» **Aim of the exercise**:
Transcribe nothing except the lines below that run from the one with "Папка-конверт на липучке" to the one with "20-qt Stainless Double", ends included, and do not copy any picture.

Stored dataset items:

□ □ □

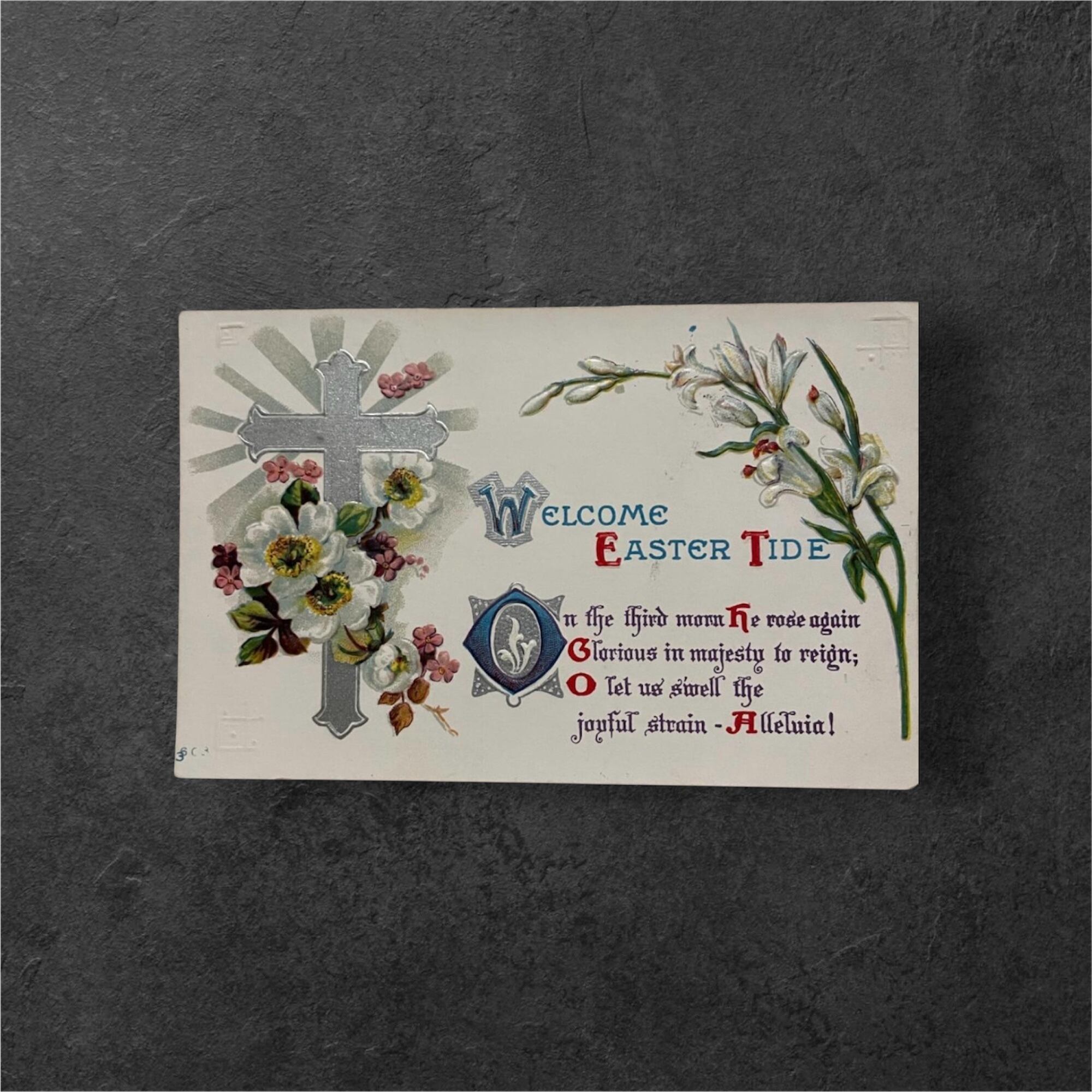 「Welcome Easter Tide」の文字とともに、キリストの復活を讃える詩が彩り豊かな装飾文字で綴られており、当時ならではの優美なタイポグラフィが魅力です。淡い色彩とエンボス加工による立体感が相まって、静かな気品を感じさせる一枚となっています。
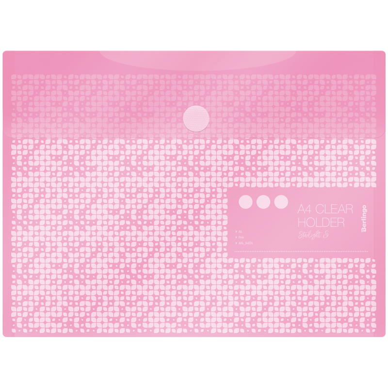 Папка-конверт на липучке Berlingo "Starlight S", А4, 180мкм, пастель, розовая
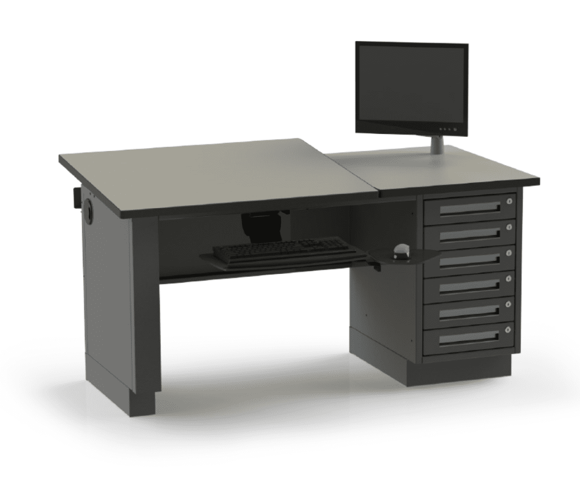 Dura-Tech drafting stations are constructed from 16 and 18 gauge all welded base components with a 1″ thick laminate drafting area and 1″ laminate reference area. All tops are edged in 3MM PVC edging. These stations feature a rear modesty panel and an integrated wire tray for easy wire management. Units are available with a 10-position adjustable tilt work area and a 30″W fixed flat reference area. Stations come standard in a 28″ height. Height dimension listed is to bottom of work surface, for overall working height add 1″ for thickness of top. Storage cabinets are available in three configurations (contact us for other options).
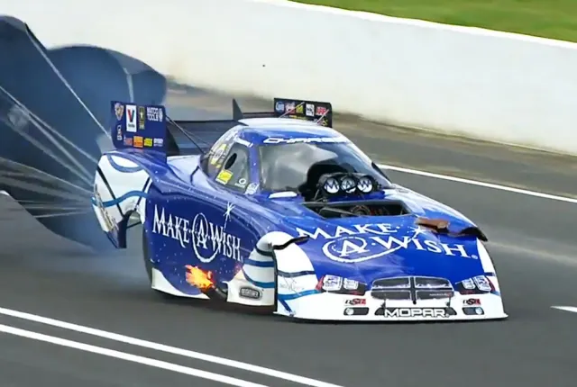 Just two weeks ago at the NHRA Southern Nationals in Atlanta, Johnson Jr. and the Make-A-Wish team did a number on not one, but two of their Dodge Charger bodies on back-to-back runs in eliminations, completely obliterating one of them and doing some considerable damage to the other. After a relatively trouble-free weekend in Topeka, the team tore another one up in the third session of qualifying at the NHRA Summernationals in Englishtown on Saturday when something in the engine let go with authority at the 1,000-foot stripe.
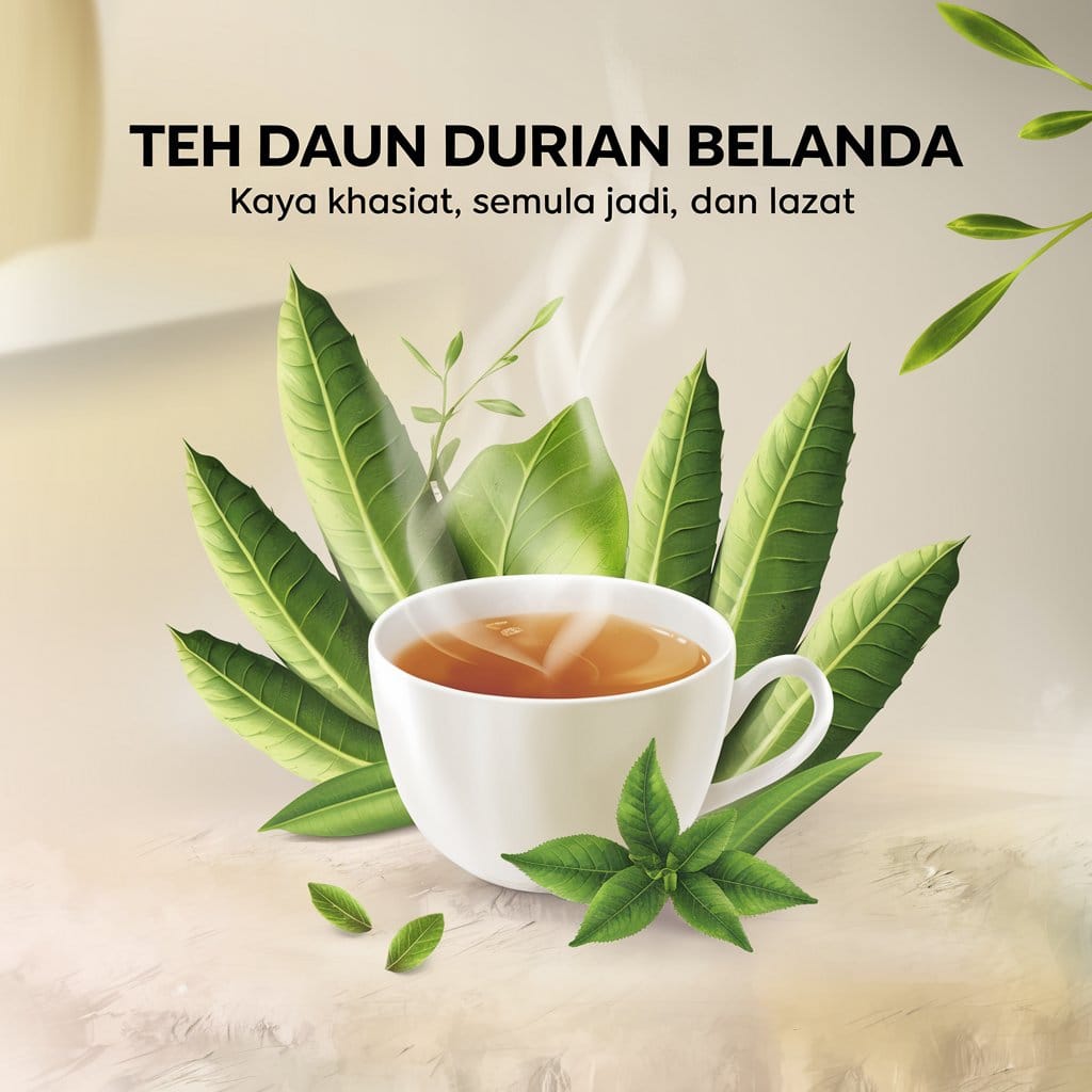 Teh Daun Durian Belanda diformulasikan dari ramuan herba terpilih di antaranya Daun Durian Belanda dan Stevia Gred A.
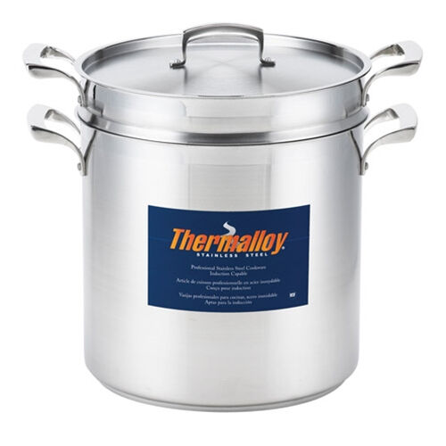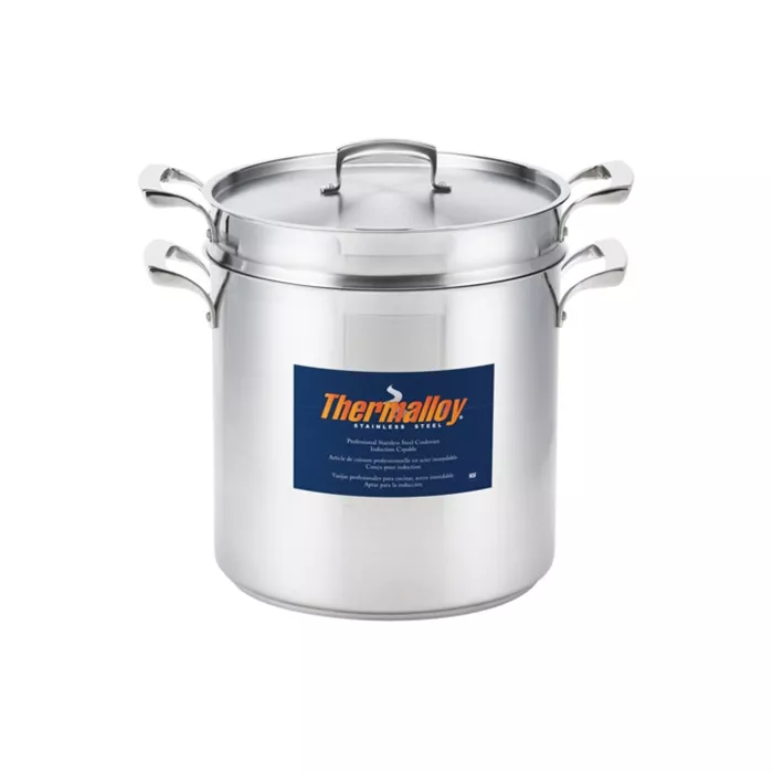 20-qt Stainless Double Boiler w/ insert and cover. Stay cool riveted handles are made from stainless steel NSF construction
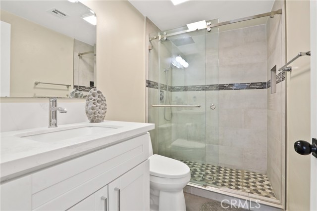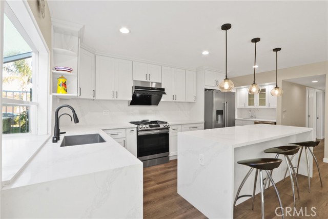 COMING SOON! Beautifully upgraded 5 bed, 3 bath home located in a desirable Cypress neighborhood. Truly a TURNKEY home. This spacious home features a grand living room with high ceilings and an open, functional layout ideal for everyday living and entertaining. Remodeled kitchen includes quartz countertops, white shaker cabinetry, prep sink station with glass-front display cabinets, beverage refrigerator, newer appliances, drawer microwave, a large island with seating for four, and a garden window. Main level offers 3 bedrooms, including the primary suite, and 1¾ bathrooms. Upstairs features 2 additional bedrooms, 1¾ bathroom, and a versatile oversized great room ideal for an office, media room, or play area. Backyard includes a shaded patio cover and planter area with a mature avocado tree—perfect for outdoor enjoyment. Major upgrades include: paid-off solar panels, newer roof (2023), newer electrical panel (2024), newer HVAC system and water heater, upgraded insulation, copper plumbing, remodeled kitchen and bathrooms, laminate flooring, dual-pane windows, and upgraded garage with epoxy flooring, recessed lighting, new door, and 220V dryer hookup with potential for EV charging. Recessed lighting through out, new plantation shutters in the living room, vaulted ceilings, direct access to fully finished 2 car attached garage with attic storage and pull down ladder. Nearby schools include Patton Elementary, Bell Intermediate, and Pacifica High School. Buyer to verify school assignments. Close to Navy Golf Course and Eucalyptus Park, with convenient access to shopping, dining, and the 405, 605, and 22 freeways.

□ □ □

» **Output**:
 Папка-конверт на липучке Berlingo "Starlight S", А4, 180мкм, пастель, розовая
 Dura-Tech drafting stations are constructed from 16 and 18 gauge all welded base components with a 1″ thick laminate drafting area and 1″ laminate reference area. All tops are edged in 3MM PVC edging. These stations feature a rear modesty panel and an integrated wire tray for easy wire management. Units are available with a 10-position adjustable tilt work area and a 30″W fixed flat reference area. Stations come standard in a 28″ height. Height dimension listed is to bottom of work surface, for overall working height add 1″ for thickness of top. Storage cabinets are available in three configurations (contact us for other options).
 Just two weeks ago at the NHRA Southern Nationals in Atlanta, Johnson Jr. and the Make-A-Wish team did a number on not one, but two of their Dodge Charger bodies on back-to-back runs in eliminations, completely obliterating one of them and doing some considerable damage to the other. After a relatively trouble-free weekend in Topeka, the team tore another one up in the third session of qualifying at the NHRA Summernationals in Englishtown on Saturday when something in the engine let go with authority at the 1,000-foot stripe.
 Teh Daun Durian Belanda diformulasikan dari ramuan herba terpilih di antaranya Daun Durian Belanda dan Stevia Gred A.
 20-qt Stainless Double Boiler w/ insert and cover. Stay cool riveted handles are made from stainless steel NSF construction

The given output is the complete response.